Thank you very much for all helps!
Best Answer
(1) No, $R$ does not have to be a subset of $M$. The map $R \times M \rightarrow M$ does need to satisfy some properties, namely:
$\bullet$ For all $a \in R$ and all $x,y \in M$, $a(x+y) = ax + ay$.
$\bullet$ For all $a,b \in R$ and all $x \in M$, $a(bx) = (ab)x$.
$\bullet$ For all $x \in M$, $1 x = x$.
When you talk about "the map $\mathbb{Q} \times \mathbb{Z} \rightarrow \mathbb{Z}$", I'm confused: what map do you have in mind? If you are pointing out that the standard multiplication of an integer by a rational number does not necessarily land in the integers: yes, you're right. Thus you cannot endow $\mathbb{Z}$ with the structure of a $\mathbb{Q}$-module in that way. In fact, you cannot endow $\mathbb{Z}$ with the structure of a $\mathbb{Q}$-module in any way, but the proof of this may be a bit beyond your current level of understanding.
(2) The elements $2$ and $3$ are not linearly independent over $\mathbb{Z}$: $3 \cdot 2 + (-2) \cdot 3 = 0$.
(3) You were not wrong about this in (1) above. Indeed for any abelian group $(M,+)$, the map $\mathbb{Z} \times M \rightarrow M$ given by $(n,m) = m + \ldots m$ ($n$ times) if $n$ is positive, the inverse of that if $n$ is negative, and $0$ if $n = 0$, makes $(M,+)$ into a $\mathbb{Z}$-module. In fact this is the unique $\mathbb{Z}$-module structure on $M$.

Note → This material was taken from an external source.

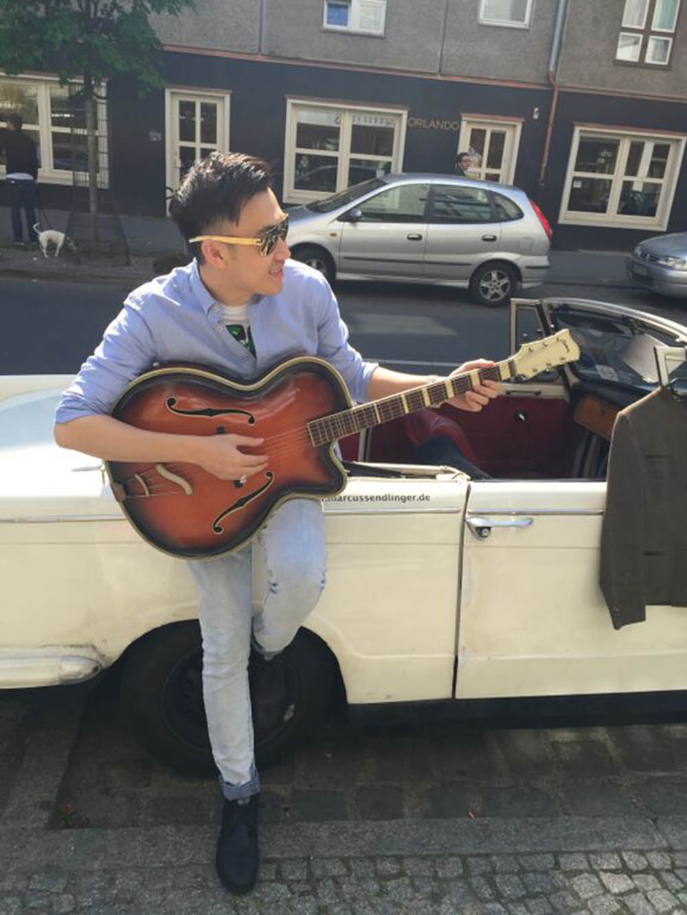 | Nam ca sĩ ngẫu hứng tạo dáng chụp hình trên đường phố Mỹ. Trở về Việt Nam, Dương Triệu Vũ tiếp tục đi hát tại các tỉnh phía Bắc. Bên cạnh đó, anh hoàn thành MV Muộn màng gửi đến khán giả trong thời gian tới. |

Now: for $n > 1$, $M = \mathbb{Z}/n\mathbb{Z}$ cannot be a free $\mathbb{Z}$-module since there is no nonempty subset which is linearly independent over $\mathbb{Z}$: for any $x \in M$, $nx = 0$. This does not stop $M$ from being a free $\mathbb{Z}/n\mathbb{Z}$-module, since $n = 0$ in $\mathbb{Z}/n\mathbb{Z}$. And indeed $1$ is a basis for $M$ as a $\mathbb{Z}/n\mathbb{Z}$-module.